Input records:
┄┄┄┄┄┄
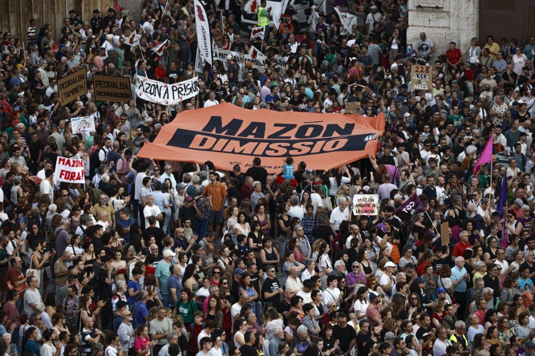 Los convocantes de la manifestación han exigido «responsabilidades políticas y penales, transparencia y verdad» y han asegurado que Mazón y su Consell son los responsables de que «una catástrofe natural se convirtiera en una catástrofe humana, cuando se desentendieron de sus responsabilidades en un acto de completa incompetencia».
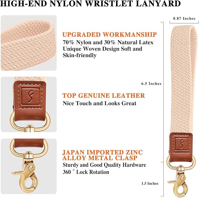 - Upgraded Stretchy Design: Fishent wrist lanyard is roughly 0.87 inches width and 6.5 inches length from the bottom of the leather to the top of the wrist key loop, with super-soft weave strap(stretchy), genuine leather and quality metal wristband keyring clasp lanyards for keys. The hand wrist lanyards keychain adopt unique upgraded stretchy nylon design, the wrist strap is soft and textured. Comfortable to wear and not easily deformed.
┄┄┄┄┄┄
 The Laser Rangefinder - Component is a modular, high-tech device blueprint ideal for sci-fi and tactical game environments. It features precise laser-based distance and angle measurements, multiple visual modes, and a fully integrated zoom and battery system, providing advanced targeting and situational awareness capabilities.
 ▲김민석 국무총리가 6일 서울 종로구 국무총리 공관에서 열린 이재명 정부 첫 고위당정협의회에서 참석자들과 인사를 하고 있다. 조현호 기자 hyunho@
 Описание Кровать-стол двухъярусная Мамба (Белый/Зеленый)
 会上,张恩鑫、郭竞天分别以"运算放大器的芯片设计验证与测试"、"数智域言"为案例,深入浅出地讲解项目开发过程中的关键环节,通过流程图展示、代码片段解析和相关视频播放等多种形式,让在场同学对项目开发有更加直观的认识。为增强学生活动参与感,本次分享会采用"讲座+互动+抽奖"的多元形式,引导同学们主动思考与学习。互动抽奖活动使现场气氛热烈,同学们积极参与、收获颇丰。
┄┄┄┄┄┄
What the task asks: Please return the data above exactly as it stands from the line with "Los convocantes de" to the line with "- Upgraded Stretchy", keeping both of those lines but none of the pictures.

Reply:
 Los convocantes de la manifestación han exigido «responsabilidades políticas y penales, transparencia y verdad» y han asegurado que Mazón y su Consell son los responsables de que «una catástrofe natural se convirtiera en una catástrofe humana, cuando se desentendieron de sus responsabilidades en un acto de completa incompetencia».
 - Upgraded Stretchy Design: Fishent wrist lanyard is roughly 0.87 inches width and 6.5 inches length from the bottom of the leather to the top of the wrist key loop, with super-soft weave strap(stretchy), genuine leather and quality metal wristband keyring clasp lanyards for keys. The hand wrist lanyards keychain adopt unique upgraded stretchy nylon design, the wrist strap is soft and textured. Comfortable to wear and not easily deformed.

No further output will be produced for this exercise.